You can see why the assistants want to elevate the conversation around clothes when the elegant garments turn consumers into animals once the price is reduced. The jostling crowd are watched from above as they hop restlessly outside the locked doors, waiting for the first day of the sale.
Miss Luckmoore is, like the best old-fashioned shop assistants, terrifying. She and the other assistants wear short black crinolined dresses and red lipstick, their glossy black hair piled up on their heads. Theirs are impossible looks that are both desirable but also too much, fascinating for what can be achieved but laughable, like cosmetics counter girls who wear every single product on their face at once.
Behind the scenes at the shop it’s a dark and oppressive world, where plastic mannequins are stored and the staff are literally turned on by fashion.
I started my career in retail, managing a Christmas department. So I know the background slog that goes into making the merchandise sparkle, even if the tables on which the baskets of glittery baubles sit are hardboard under the cloths.
In Fabric is so heavily stylised, and sometimes so blatant, I wasn’t always sure if it was mocking consumerism or mocking the people who mock consumerism (I like to do both).
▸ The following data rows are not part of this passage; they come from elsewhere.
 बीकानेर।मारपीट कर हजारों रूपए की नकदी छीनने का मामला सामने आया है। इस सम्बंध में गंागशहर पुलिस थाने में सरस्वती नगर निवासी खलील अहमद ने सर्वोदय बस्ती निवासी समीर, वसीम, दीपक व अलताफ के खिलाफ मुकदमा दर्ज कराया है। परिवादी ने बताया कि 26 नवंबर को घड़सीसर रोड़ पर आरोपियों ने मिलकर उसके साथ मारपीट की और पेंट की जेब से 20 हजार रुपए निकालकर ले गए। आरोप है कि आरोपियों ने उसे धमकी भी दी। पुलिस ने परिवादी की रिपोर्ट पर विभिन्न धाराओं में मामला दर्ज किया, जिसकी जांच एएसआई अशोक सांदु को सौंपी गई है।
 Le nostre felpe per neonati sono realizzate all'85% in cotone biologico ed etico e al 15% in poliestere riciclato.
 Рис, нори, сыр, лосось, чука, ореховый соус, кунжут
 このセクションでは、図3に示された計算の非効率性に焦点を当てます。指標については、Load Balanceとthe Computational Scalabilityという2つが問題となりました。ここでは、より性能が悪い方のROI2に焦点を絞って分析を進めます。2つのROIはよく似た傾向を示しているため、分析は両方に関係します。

Strickland certainly understands the contrast between the front and back shop aspects of retail, and the wider repercussions of rampant consumerism – and that a trend that can be so damaging is also based on something so artificial.
Signposted comments on fashion as slavery – both the obsession with buying, and the lack of agency of those people making the clothes – still work incredibly well, because they fit so adroitly into this strange world.
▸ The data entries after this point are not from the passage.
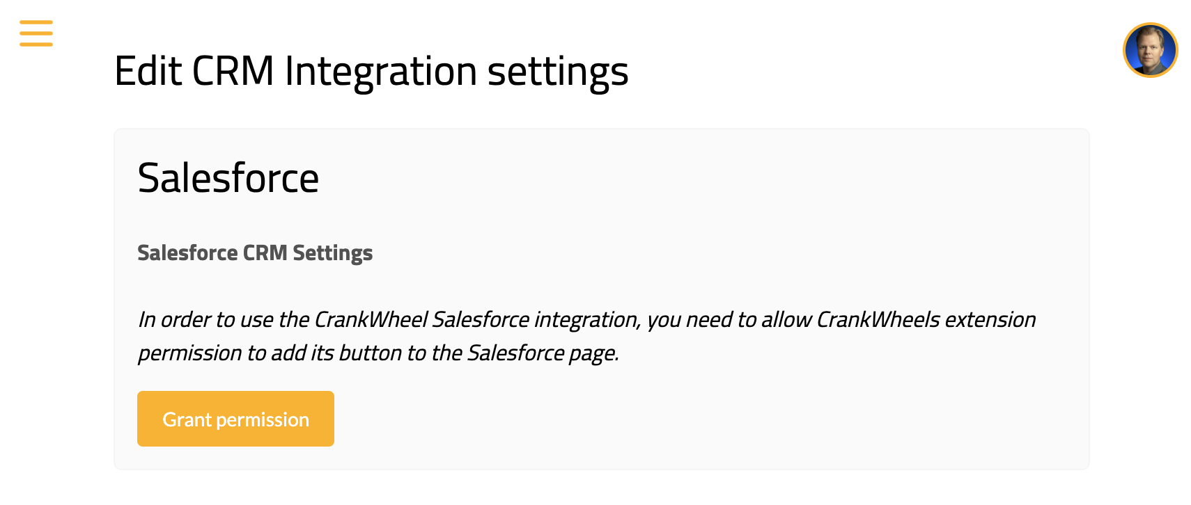 After your administrator has enabled the Salesforce integration, the next time you use CrankWheel, you will be prompted to visit the CrankWheel CRM integration page to complete CRM setup.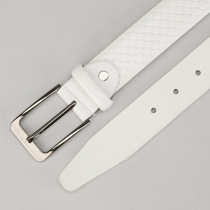 Ремень мужской Великан, пряжка под тёмный металл, ширина - 3,5 см, цвет белый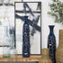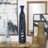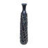 •The polished vase for faux flowers has a sleek round shape with geometric patterns that complements its tall structure beautifully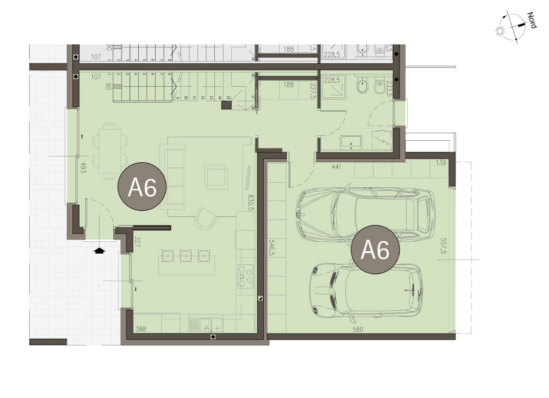 Villa Bifamiliare con cucina con soggiorno, tre camere, due bagni, ingresso, terrazzo, portico, giardino di proprietà di 80 mq, box doppio e posto auto. Impianto fotovoltaico privato da 6,5 kw. Classe energetica A3 (valore di progetto).

The ’80s setting is perfect for this store that seems set in the past yet caters for a newly moneyed clientele, as that was the decade that saw a clash between union-enforced working practices and growing consumerism.
A later owner of the evil dress, washing repair man Reg (Leo Bill), works for a company run on old school lines. Even in the credits, Mannequin Pubic Hair looks like one of those specific titles that union law would require.
This very black comedy is sometimes jaw-dropping and often deliriously entertaining, laying out the dream of beauty sold to us and the ugliness behind. But it’s also vicious, and lacks soul, laughing at this odd situation we’ve got ourselves into without concern for its victims.
Jean-Baptiste is excellent: warm and believable as Sheila, gradually becoming more assertive in that dress before its dark side is fully revealed. She’s a hugely sympathetic character which makes the film’s overall neutrality look even harsher. Hayley Squires, as Reg’s fiancee Babs, nails that 80s self-assurance and wish to do better.
Sheila is seen as outdated and boring by her son and Gwen, and as part of the profit machine by her bosses. And then she has to literally suffer for fashion when all she wanted to do was what the ’80s told us to do: pull herself up, and, well, shop.